Financial disclosure

There was no specific funding for this study. Authors were supported by their respective institutions.

Conflict of interests

JH, SJ, MI, PH, CR, PeV, Pa V, AV, LG, AlG, ER, IK, PEC, AD, UML VS, JD, ArG, UW: None. RD: grants from Articulum Fellowship, sponsored by Pfizer (2013-2014), grants from Actelion, personal fees from Actelion, outside the submitted work. JCH has/had consultancy relationship and/or has received research funding in the area of potential treatments of scleroderma and its complications from (last three years): Amgen, Bayer, Boehringer Ingelheim, Janssen, Novartis, Pfizer, Roche.
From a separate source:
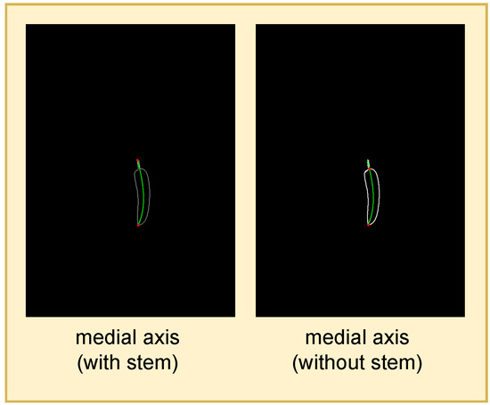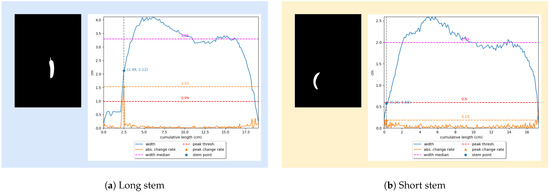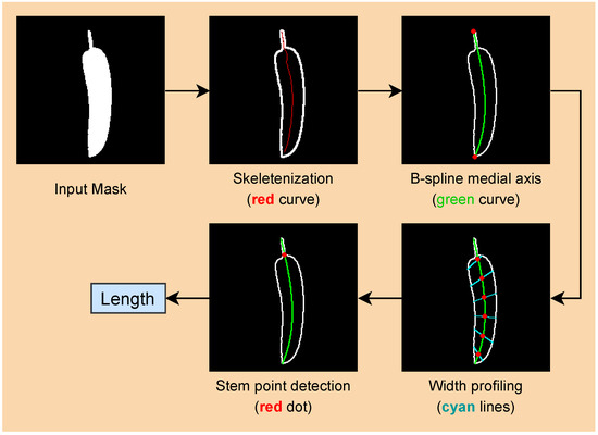 An overview of the measuring pipeline is illustrated in Figure 7. Starting with an input mask obtained from the image segmentation step, a morphological skeletonization [27] is applied to the input masks to reduce the binary masks to a 1-pixel-wide skeleton, also known as the medial axis. Next, we parameterize the skeleton as a B-spline curve [28] and then proceed to profile the input mask along the B-spline medial axis. The width of a cucumber sample is calculated from its mask’s width profile, as mentioned above. From the width profile, we can detect the transition point between the stem part and the body part, which is referred to as the stem point. Finally, the length of a cucumber is determined as the length of the medial axis curve segment between the stem point and one end of the medial axis.

AMHV has received research funding and/or consulting fees and/or other remuneration from Actelion, Boehringer Ingelheim, Roche, Bayer, Merck Sharp & Dohme, ARXX, Lilly and Medscape. OD has/had consultancy relationship and/or has received research funding in the area of potential treatments of scleroderma and its complications from (last three years): Abbvie, Acceleron Pharma, Amgen, AnaMar, Bayer, Boehringer Ingelheim, Catenion, Drug Development International Ltd, CSL Behring, ChemomAb, GSK, Horizon (Curzion) Pharmaceuticals, Inventiva, Italfarmaco, iQvia, Lilly, Medac, Medscape, Mitsubishi Tanabe Pharma, MSD, Novartis, Pfizer, Roche, Sanofi, Serodapharm, Target Bio Science and UCB. He has a patent mir-29 for the treatment of systemic sclerosis issued (US8247389, EP2331143).